Вернемся, однако, к Иерониму. Многокорневые словообразования, которыми он так восторгается, все без исключения имеют прообраз в греческом. «Древо светлоплодовитое» – это δένδρον ἀγλαόκαρπον, «древо благосеннолиственное» – это ξύλον εὐσκιόφυλλον, и оба эпитета заимствованы из знаменитого ранневизантийского гимна, который по-гречески называется ὕμνος ἀκάθιστος, а по-русски – «Акафист Пресвятой Богородице». «Светоподательна светильника сущим [во тьме]» – это взято из позднейшего византийского гимна, который называется по-русски «Акафист Иисусу Сладчайшему» и представляет собой легкую переработку словесного материала все того же первого, богородичного акафиста.
Уже в нашем столетии не филолог, но внимательный к филологии русский поэт так сформулировал свое восприятие русской речи: «Русский язык – язык эллинистический. По целому ряду исторических условий живые силы эллинской культуры, уступив Запад латинским влияниям и ненадолго загощиваясь в бездетной Византии, устремились в лоно русской речи, сообщив ей самобытную тайну эллинистического мировоззрения, тайну свободного воплощения, и поэтому русский язык стал именно звучащей и говорящей плотью».

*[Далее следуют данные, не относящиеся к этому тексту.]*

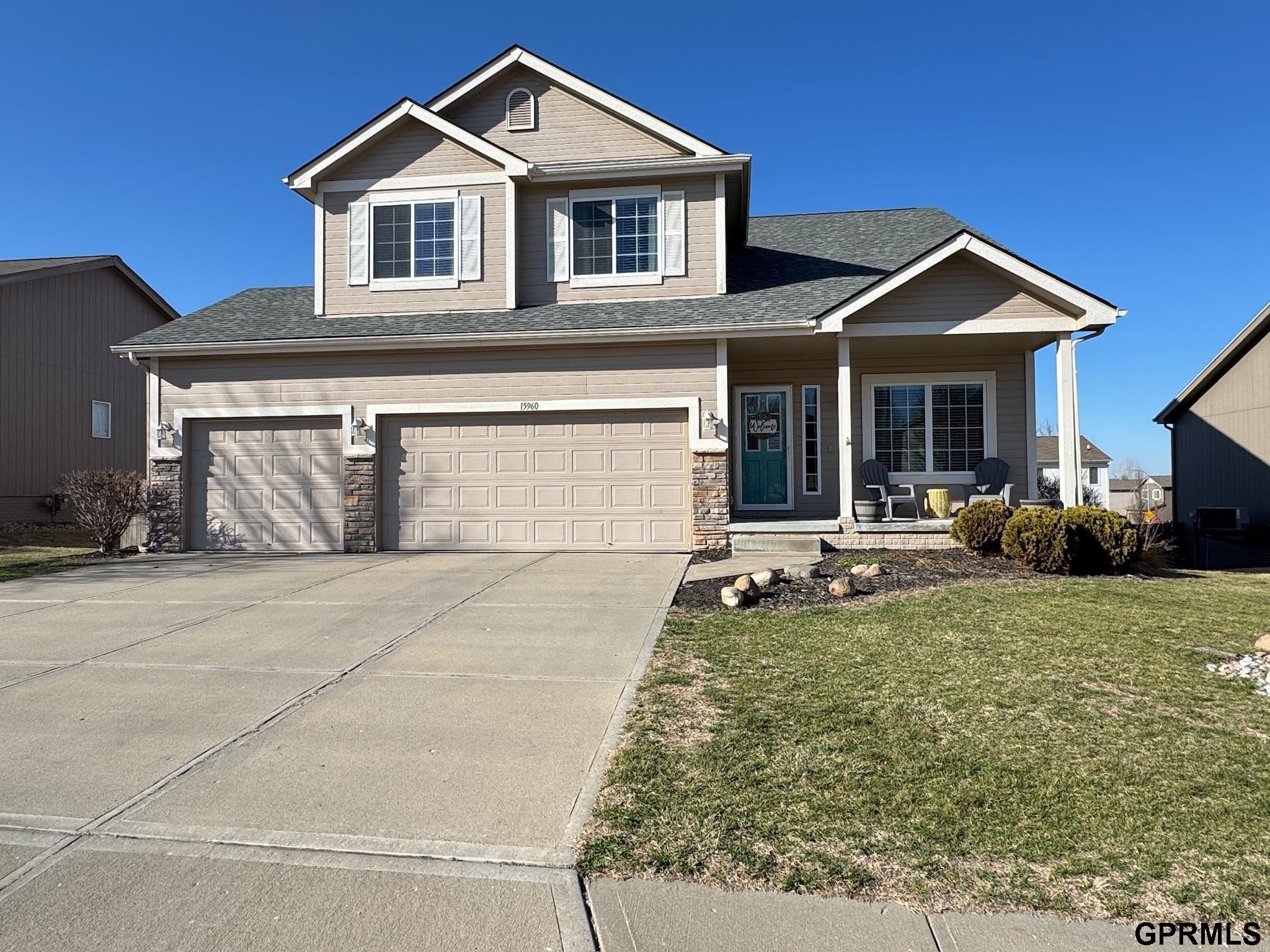 Wonderful 2 story home offering 4 bedrooms, 3 1/2 bathrooms, and 3-car garage located in Stone Ridge. Ideal for growing or multi-generational households. Main level features eat-in kitchen complete with quartz countertops, a center island, and ample cabinetry. Hickory hardwood flooring throughout the main level, staircase, and 2nd floor hallway. Upstairs, 4 generously sized bedrooms, including a spacious primary suite with a walk-in closet and dual-sink vanity. Finished lower level ideal for a studio apt, guest suite, or entertainment space. Featuring kitchen, a large bathroom with an oversized tiled shower and river-rock flooring, and a non-conforming bedroom. Italian herringbone-pattern porcelain throughout lower level. Custom garage workshop with abundant storage. Neighborhood amenities include walking distance to Elk Creek Crossing Park, Stone Ridge Splash Park and Standing Bear Elementary. Other: NEW ROOF installed 2025, sprinkler system, fenced yard, & raised vegetable garden.

Это слова О. Мандельштама, чье имя достаточно известно и в рекомендациях не нуждается. Он же сказал: «Эллинистическую природу русского языка можно отождествлять с его бытийственностью». Как кажется, последнее особенно верно. Из греческого наследия русские ученики восприняли веру в вещественность, субстанциальность слова, которое не только verbum, не только ῥῆμα, но и λόγος. Слово здесь не просто звук и знак, чисто «семиотическая» реальность, но драгоценная и сакральная субстанция. Одни и те же фигуры одной и той же риторики имеют различную природу в русском «витийстве» и в западноевропейском «эвфуизме»; и различие это в конечном счете обусловлено разницей конфессионально-культурного, конфессионально-психологического контекста, давшего «витийству» такую меру серьезности, в которой было отказано цивилизованной игре эвфуизма, но также и спецификой славянско-русского слова, воспитанного не латинскими, а греческими образцами.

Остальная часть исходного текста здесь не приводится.